Introduction to RSAC 2025

The 34th annual RSA Conference opened its doors yesterday at the Moscone Center in San Francisco, bringing together over 44,000 cybersecurity professionals from more than 140 countries. This year's conference theme focuses on operating with purpose amid uncertainty – a fitting message as organizations navigate increasingly complex threat landscapes while embracing transformative technologies like AI.

Monday marked the opening of what promises to be an exceptional week of knowledge sharing, innovation showcasing, and community building. With over 700 speakers, 29 tracks, 450+ sessions, and 650+ exhibitors, RSAC 2025 is living up to its reputation as the cybersecurity industry's most influential gathering.

Our Elisity team is on the ground, with our sales teams, marketing teams, executives, product management leaders, and technical experts engaging with customers, industry analysts, and the media throughout the week. We're excited to showcase how our identity-based microsegmentation platform is helping manufacturing, healthcare, and industrial organizations prevent lateral movement and accelerate their Zero Trust maturity.

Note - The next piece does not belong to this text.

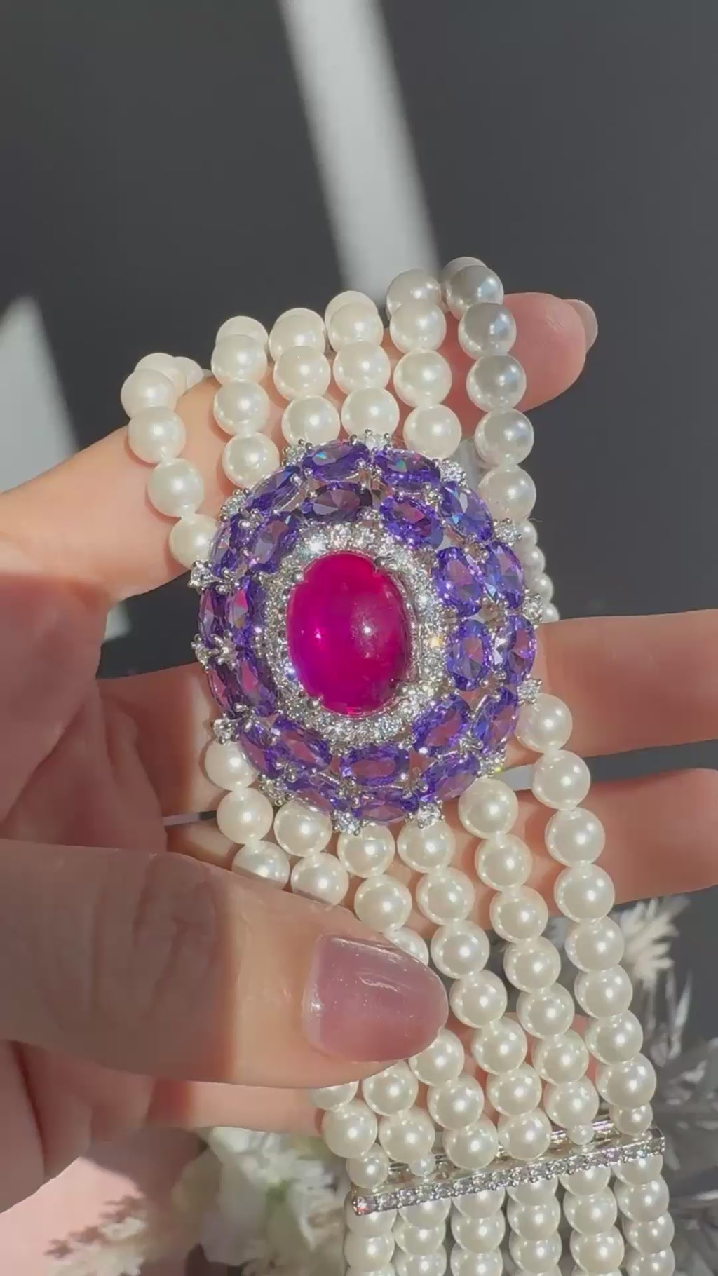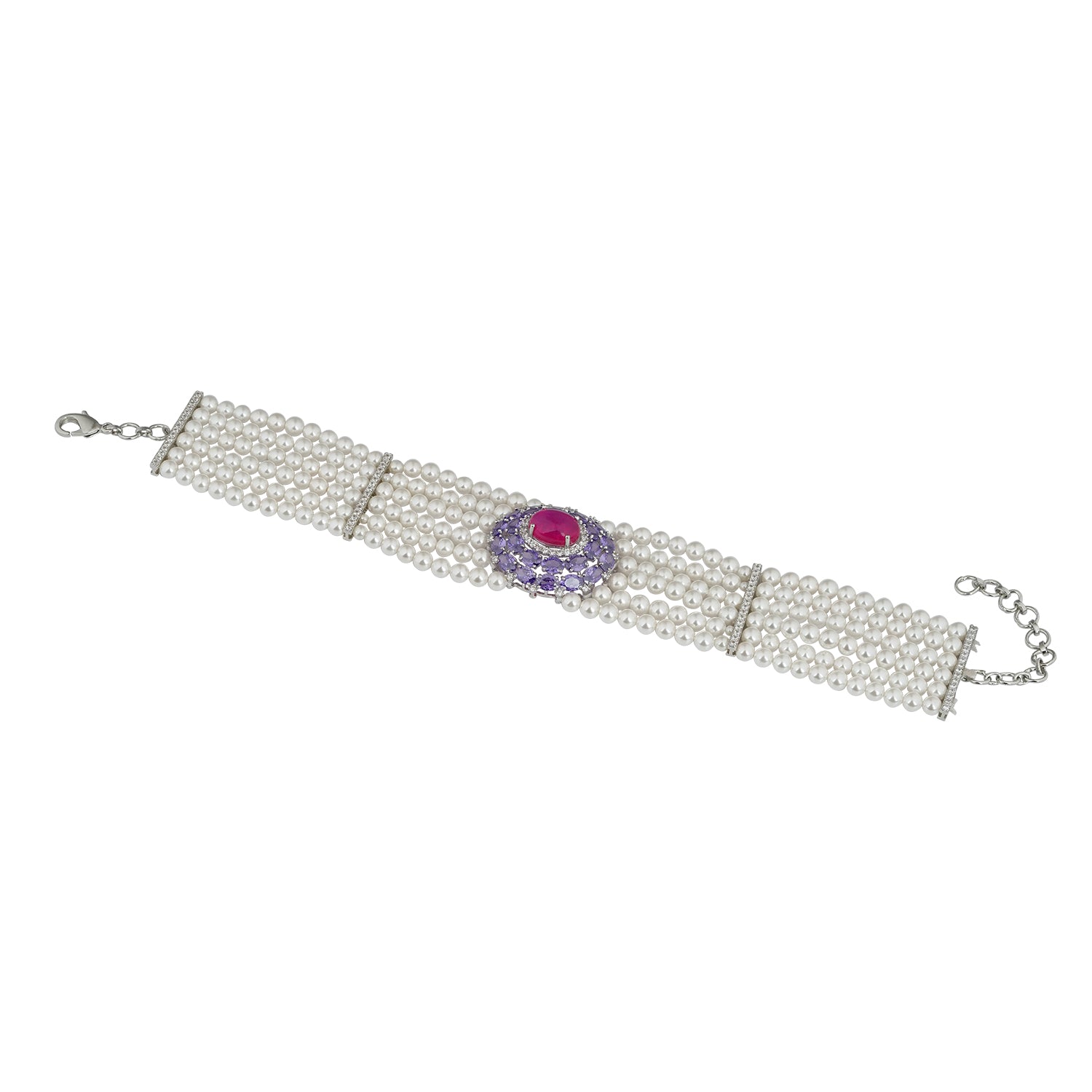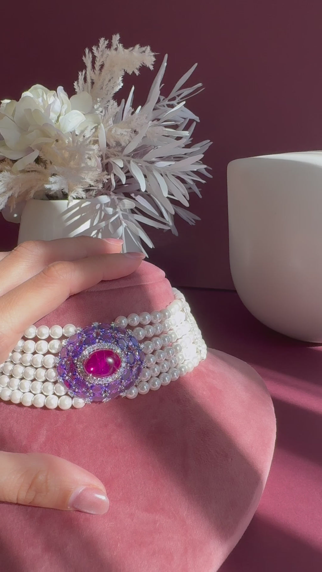 The Adelina Choker Set is an ode to timeless grandeur. Rows of radiant pearls create a regal band, crowned at the center with a vivid crimson stone embraced by a halo of violet gems and delicate CZ accents.

RSAC 2025 Opening Keynote Highlights

RSAC™ Conference 2025 Opening Keynote Hugh Thompson, Executive Chairman & RSAC™ Conference Program Committee Chair, RSAC

The opening keynote set a powerful tone for the conference, celebrating record-breaking attendance and emphasizing the essential role of community in addressing cybersecurity challenges. With 2,800 speaker submissions and a 40% increase in Innovation Sandbox entries, the cybersecurity community is clearly engaged and eager to innovate.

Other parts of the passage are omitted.